Taipei, Jan. 17 (CNA) Vice Finance Minister Wu Tang-chieh (吳當傑) said Saturday that the National Financial Stabilization Fund will continue to support Taiwan's stock market on Jan. 18 to fend off the impact of a plunge on Wall Street and European markets on Friday.
Wu, the executive secretary and manager of the financial stabilization fund, did not respond to concerns over the results of the national general elections on Saturday, which have raised fears of the possible deterioration in cross-strait ties.
Tsai Ing-wen (蔡英文), the candidate of the opposition Democratic Progressive Party (DPP), easily defeated Eric Chu (朱立倫) of the ruling Kuomintang (KMT) and James Soong (宋楚瑜) of the smaller People First Party.
Though Tsai has stressed she will maintain the status quo in relations with China, the DPP is known for its support for Taiwan's sovereignty and independence and resistance to businesses developing close ties with Chinese companies, in contrast to the KMT's friendly attitude toward China.
The change in the political landscape has led some investors to worry that the KMT's defeat could have an adverse impact on the performance of Taiwan's stock market on Monday.
Saying he respected the outcome of the elections, Wu indicated that their conclusion removes an element of political uncertainty that had been hanging over the market, even if the result was widely expected.
His bigger concern, however, is the negative effect of volatility in the global financial markets, which fell sharply on Friday amid lingering worries over further weakness in international crude oil prices.
On Friday, the Dow Jones Industrial Average tumbled 2.39 percent, while the markets in Germany and France plunged 2.38 percent and 2.54 percent, respectively, after international crude oil prices fell below the US$30 mark per barrel.
Wu said the financial stabilization fund will continue to keep a close eye on the reaction of Taiwan's market to the global losses at the end of last week, and if shares face any unreasonable selling Monday, the fund will jump in to restore investors' confidence.
The NT$500 billion (US$14.79 billion) stabilization fund is a mechanism set up by the government to serve as a buffer against unexpected external factors that disrupt the bourse.
The fund, which has been in existence since February 2000, intervenes in the market when it receives authorization from the fund committee.
The stabilization fund has made its presence felt since August, when Taiwan's market was hurt by a weakening Chinese yuan and global volatility.
The fund committee has authorized the fund to buy local shares until it holds a review meeting in the afternoon of Jan. 18 to decide whether the intervention will continue.
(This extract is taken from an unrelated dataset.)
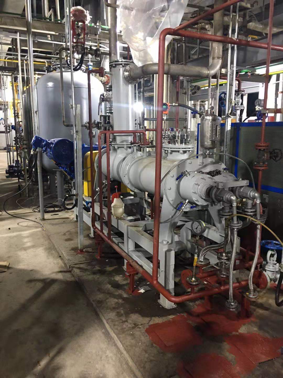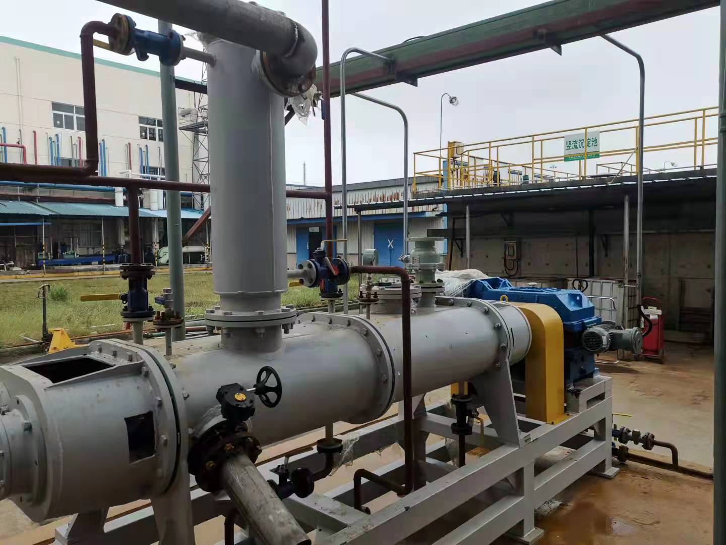 為了適應(yīng)在真空狀態(tài)下的操作,專門安裝了適用于高粘度物料的齒輪泵式出料器。該出料器直接安裝在主設(shè)備上,消除了設(shè)備內(nèi)的死角。齒輪泵式出料器在稍微超負(fù)荷的條件下工作,以保證物料能連續(xù)地排出,并輸入下一工段進(jìn)行包裝。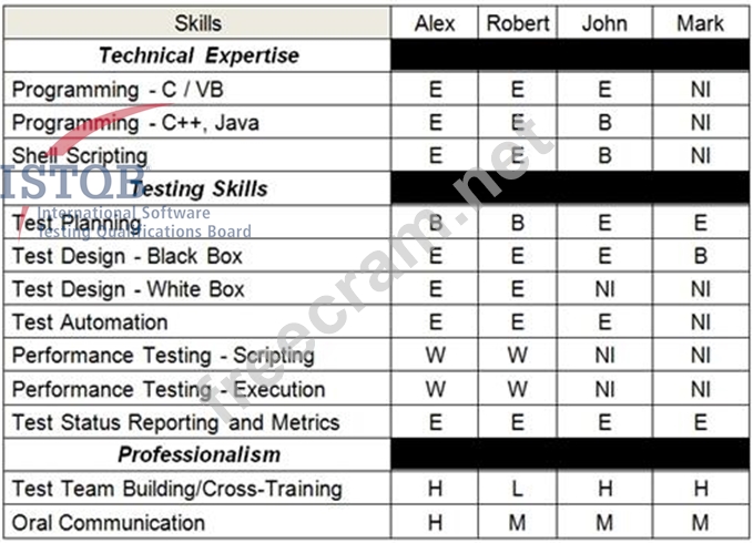Consider the following skills assessment spreadsheet for your test team (consisting of four team members):

Tseng Ming-chung (曾銘宗), chairman of the Financial Supervisory Commission (FSC), said the local market will only stabilize if the Chinese yuan turns stable and the equity markets in the United States and Europe stage rebound.
But Tseng said Taiwan's stock market is expected to get support from Taiwan's improving economic fundamentals, as the economy is expected to grow 2.32 percent this year after an estimated 1.06 percent increase last year.
Tseng said he expected further interest rate hikes in the U.S. and moves by other economies to cut rates to send ripples through the non-U.S. dollar currency markets, which is likely to increase the risks to investors in Taiwan's stock market.